*Data below*.
Content starts

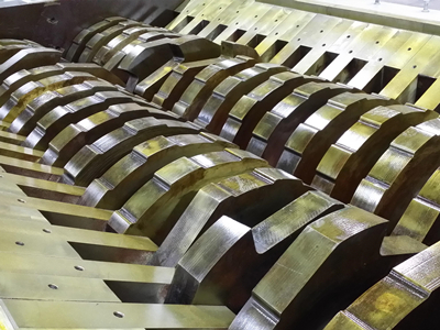 破碎系统单轴破碎机用于易拉罐废料细破碎处理,将物料破碎成较小颗粒,具有处理产量大、破碎效率高、运行稳定、能耗低等特点。
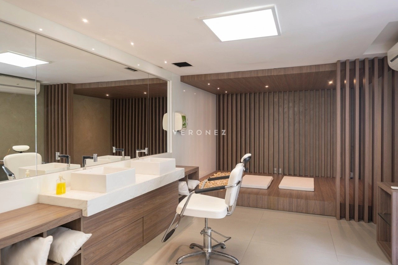 A infraestrutura do condomínio inclui piscina, academia, spa, área gourmet, salão de festas, salas de reuniões e lavanderia.
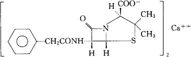 C32H34CaN4O8S2=706.84 CAS-1406-07-1 CAS-61-33-6(penicillin G) 3,3-二甲基-7-氧代-6-(2-苯乙酰胺基)-4-硫杂-1-氮杂双环[3.2.0]庚烷-2-羧酸钙(2∶1)。 Calcium 3,3-dimethyl-7-oxo-6-(2-phenylacetamido)-4-thia-1-azabicyclo[3.2.0]heptane-2-carboxylate,(2∶1). 抗生素类药。 Penicillin Calcium,Calcium Penicillin G,Galcium Benzylpenicillinate, Benzylpenicilinic Acid Calicum Salt. USAN,USP,MI.  |

Content ends

*Directions*. Transcribe each line of the material above verbatim, but do not include the images.

*Result of the exercise*.
 破碎系统单轴破碎机用于易拉罐废料细破碎处理,将物料破碎成较小颗粒,具有处理产量大、破碎效率高、运行稳定、能耗低等特点。
 A infraestrutura do condomínio inclui piscina, academia, spa, área gourmet, salão de festas, salas de reuniões e lavanderia.
 C32H34CaN4O8S2=706.84 CAS-1406-07-1 CAS-61-33-6(penicillin G) 3,3-二甲基-7-氧代-6-(2-苯乙酰胺基)-4-硫杂-1-氮杂双环[3.2.0]庚烷-2-羧酸钙(2∶1)。 Calcium 3,3-dimethyl-7-oxo-6-(2-phenylacetamido)-4-thia-1-azabicyclo[3.2.0]heptane-2-carboxylate,(2∶1). 抗生素类药。 Penicillin Calcium,Calcium Penicillin G,Galcium Benzylpenicillinate, Benzylpenicilinic Acid Calicum Salt. USAN,USP,MI.  |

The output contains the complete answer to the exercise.